Chapters 1 and 2 of A Visit from the Goon Squad establish the novel’s non-linear style of storytelling. We can deduce that the events in chapter 2, “The Gold Cure”, take place some years earlier than those in “Found Objects,” because in the first chapter, Sasha refers to Bennie as her “old boss” (5), while in the second chapter she is still working for him. There is a suggestion that her kleptomania may be affecting her work when she gives Bennie his box of gold flakes with the explanation that he dropped it earlier. The storytelling shifts between temporal perspectives, sometimes narrating the current action, sometimes narrating it in the past from the perspective of a therapy discussion or a nostalgic reminiscence, and sometimes predicting what will happen in the future. The one indication of a fixed point in history occurs in “The Gold Cure,” as Sasha tells Bennie that the last time she heard Stop/Go perform was at Windows on the World, which she says was “five years” ago (33), exactly “four days” (34) prior to an event that is never mentioned explicitly, but which we can assume from the context to be 9/11.

The novel deals with the matter of time through its non-linear form of storytelling, but it also addresses the issue of time through the concerns of its characters. Bennie Salazar literally has trouble keeping time, as he miscalculates the number of years it has been since he last heard Stop/Go play.
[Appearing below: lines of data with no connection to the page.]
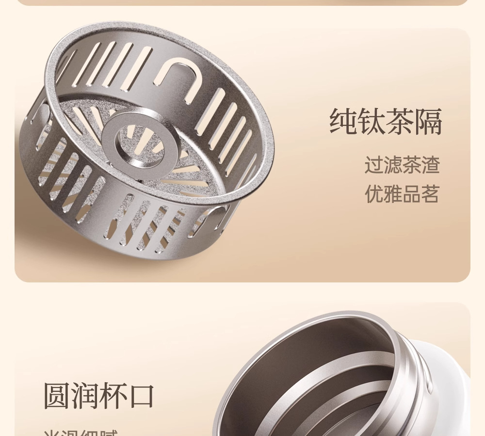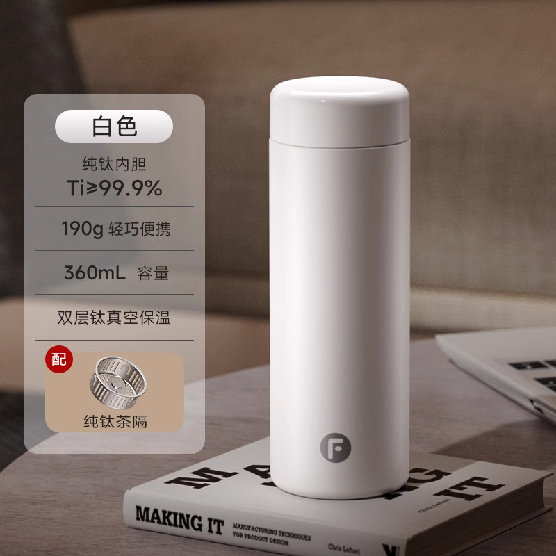 • 화이트 360ML [순수 티타늄 내부 및 외부 순수 티타늄 티 필터]
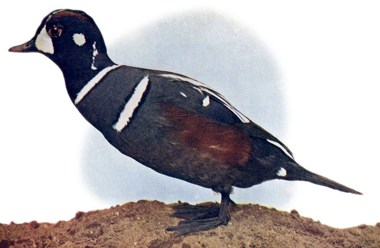 Harlequin is not the only name by which this bird is known. In the New England States and northward along the Atlantic coast it is frequently called the “Lord and Lady,” because of the white crescents and spots of its plumage and the proud bearing of the male. It is also called the Rock Duck, the Mountain Duck and the Squealer.
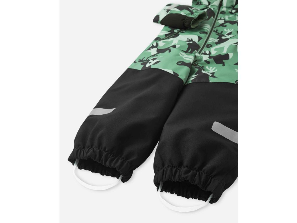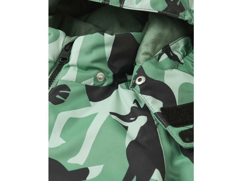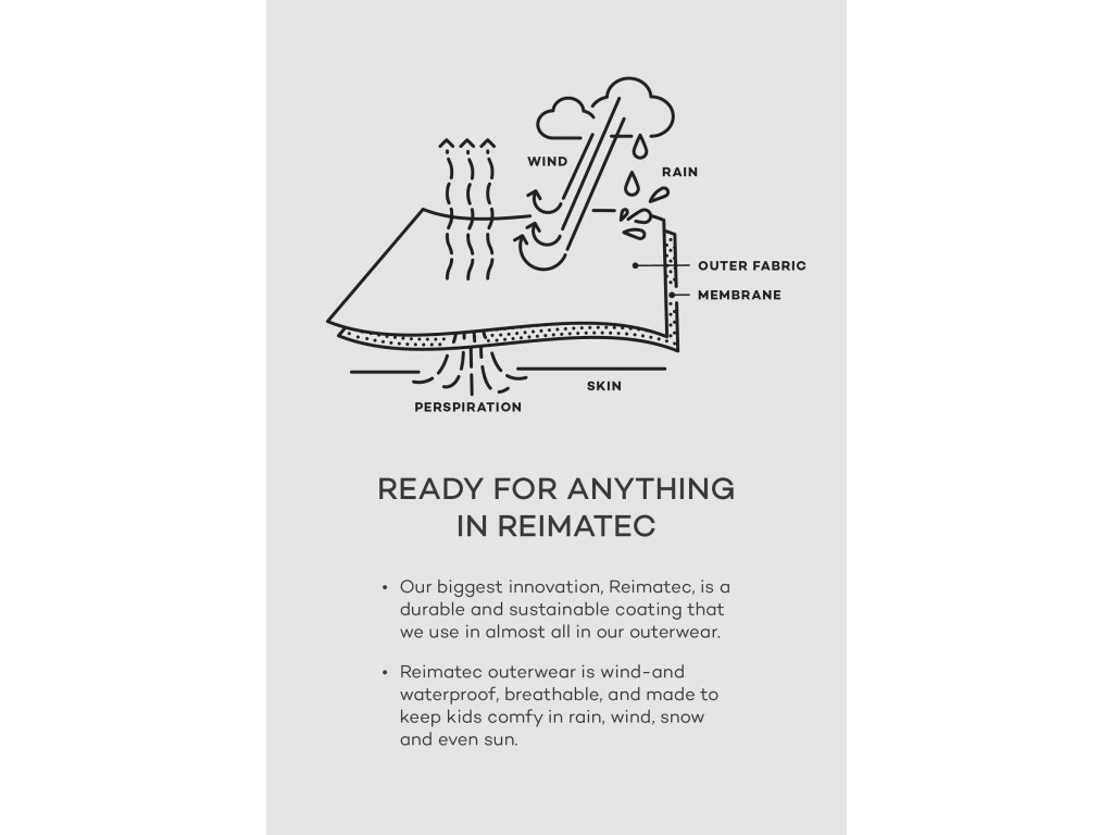 Dětská membránová zimní kombinéza Reimatec Kurikka je ušita z nepromokavého a zároveň prodyšného materiálu s povrchovou úpravou Bionic-Finish Eco. V zadní části kombinézy a na nohavicích od kolen dolů je použit materiál s vyšší pevností a odolností. Všechny švy jsou vodotěsné. Kombinéza má bezpečnou snadno odnímatelnou kapuci a vyšší stojací límec. Na předním dílu se po celé délce zapíná na zip s chráničem brady. Má dvě kapsy na zip. Vzadu v pase je stažena gumou a rukávy i nohavice má zakončené pružnými lemy. K nohavicím lze připevnit silikonová poutka pod boty. Na kombinéze je celoplošný potisk a výrazné reflexní detaily.
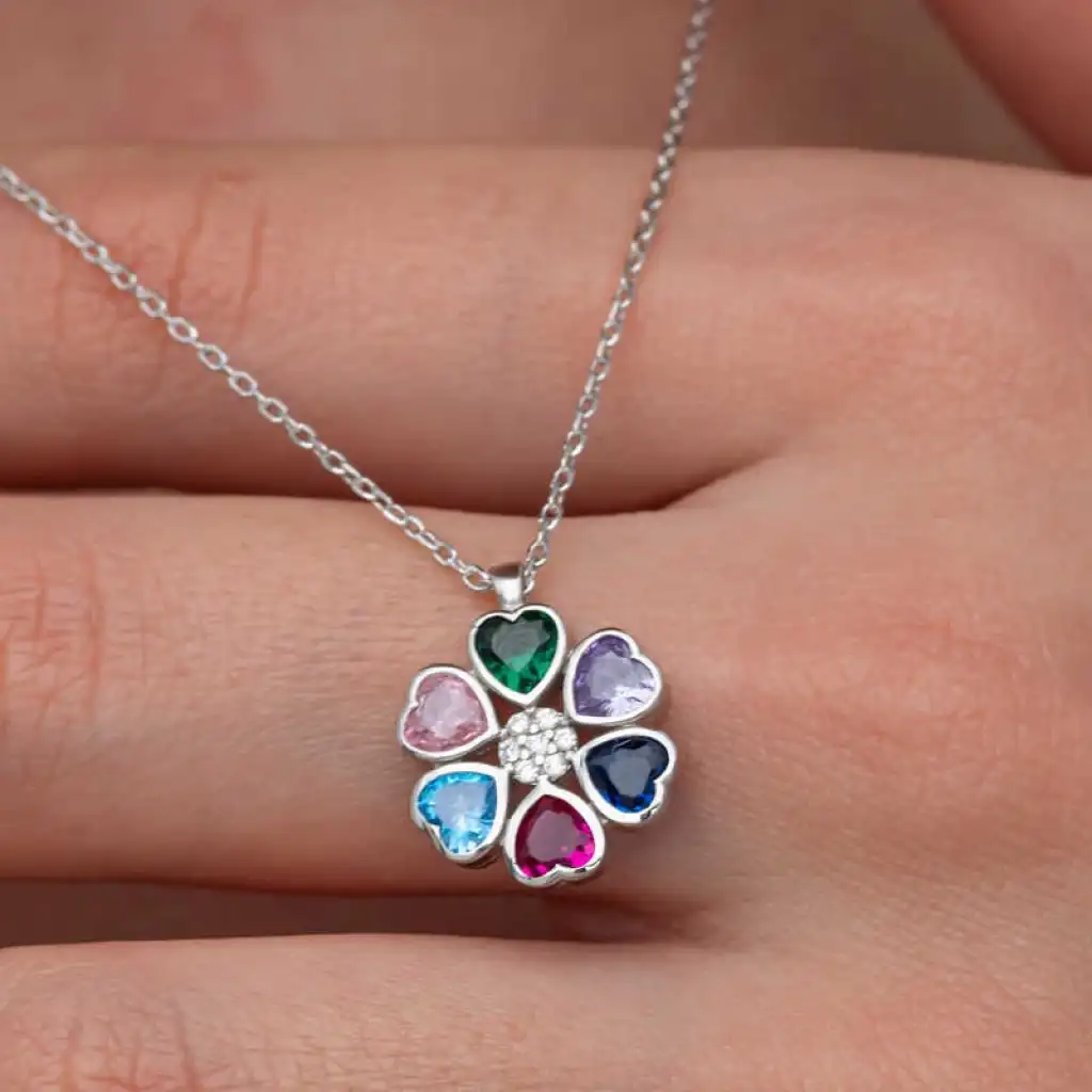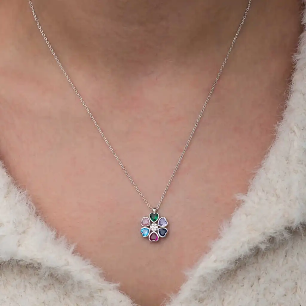 Renkli kalpli çiçek kolye genellikle sevgi, dostluk ve pozitif duyguların bir sembolü olarak kabul edilir. Renklerin çeşitliliği, hayatın farklı yönlerini ve duygusal renk paletini temsil edebilirken, kalp figürü de sevgi ve bağlılığı simgeler. Bu şık kolye; doğum günü hediyesi, sevgililer günü veya özel günlerde tercih edilebilecek mükemmel bir seçenektir.Kolye; 925 ayar gümüşten imal edilmiştir. Gümüş üzerine rodyum kaplama yapılmıştır. Gümüş ve değerli taşlar nedeniyle belirtilen ortalama ürün ağırlığında ± %10 sapma olabilmektedir.
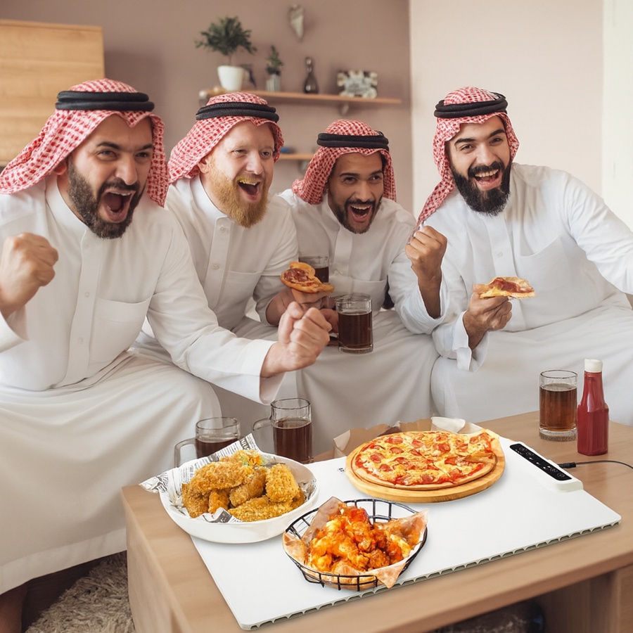 لوح تسخين الطعام للعزايم حل أنيق وعملي للحفاظ على حرارة الأطباق أثناء التقديم، بدون إعادة تسخين أو فوضى.

Bennie once said of his idol, Lou Kline, “You’re finished” (37), when the older man became nostalgic about the rock and roll industry. Bennie now behaves in the same manner, complaining about the state of the business and reminiscing about his old friends, “none of whom he’d seen in decades . . . yet still half believed he’d find waiting outside the Mabuhay Gardens (now defunct)” (23). In “Found Objects,” we see that Sasha has anxiety around aging, as, despite being thirty-five years old, “her online profiles all listed her as twenty-eight” (6). In contrast to Bennie’s anxiety about being past his prime, however, we see in Sasha a hope for her future, as in the midst of her shame about her kleptomania, she still hopes for “redemption, transformation—God how she wanted those things” (18).

Another theme that emerges in these first chapters is the power of narrative to affect reality. In “Found Objects,” the immediate story is a disturbing one, as Sasha seems to be trapped in self-destructive behavior. Having just confessed and returned a stolen wallet to one woman, she is still compelled to look through Alex’s wallet. Serving as a counterpoint to this immediate narrative, however, are Sasha’s therapy sessions, in which she discusses with Coz what is going on inside her head as she acts out these unhealthy behaviors. Through the layering of narratives, we understand that there is hope for Sasha, that this is “a story whose end has already been determined: she would get well” (6). In contrast to Sasha’s success with her therapist, Bennie rejects the therapist he and Chris are meant to see. Furthermore, he is constantly fighting what the therapist describes as the “Will to Divulge” (24); Bennie’s urge to recount to his son all those memories that provoke his own sense of shame. Bennie is burdened by the ways in which his own stories play over and over in his mind, and the closest he comes to release is when Sasha finds the scribbled notations he keeps as a means of controlling his urge to tell the stories to Chris. When Sasha finds the note, he initially feels “agony, as if the words themselves might provoke catastrophe” (37), but then he feels relief to have them uttered aloud.